> DATASET:
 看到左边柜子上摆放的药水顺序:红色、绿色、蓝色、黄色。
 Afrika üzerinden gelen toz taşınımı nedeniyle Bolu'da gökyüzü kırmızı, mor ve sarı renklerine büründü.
--
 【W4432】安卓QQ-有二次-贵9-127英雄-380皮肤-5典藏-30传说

> WORK TO COMPLETE: Go to the line with "看到左边柜子上摆放的药水顺序:红色、绿色、蓝色、黄色。" in the entries above and repeat every line from there through the line with "Afrika üzerinden gelen", exactly and with no other text.

> PROBLEM SOLUTION:
 看到左边柜子上摆放的药水顺序:红色、绿色、蓝色、黄色。
 Afrika üzerinden gelen toz taşınımı nedeniyle Bolu'da gökyüzü kırmızı, mor ve sarı renklerine büründü.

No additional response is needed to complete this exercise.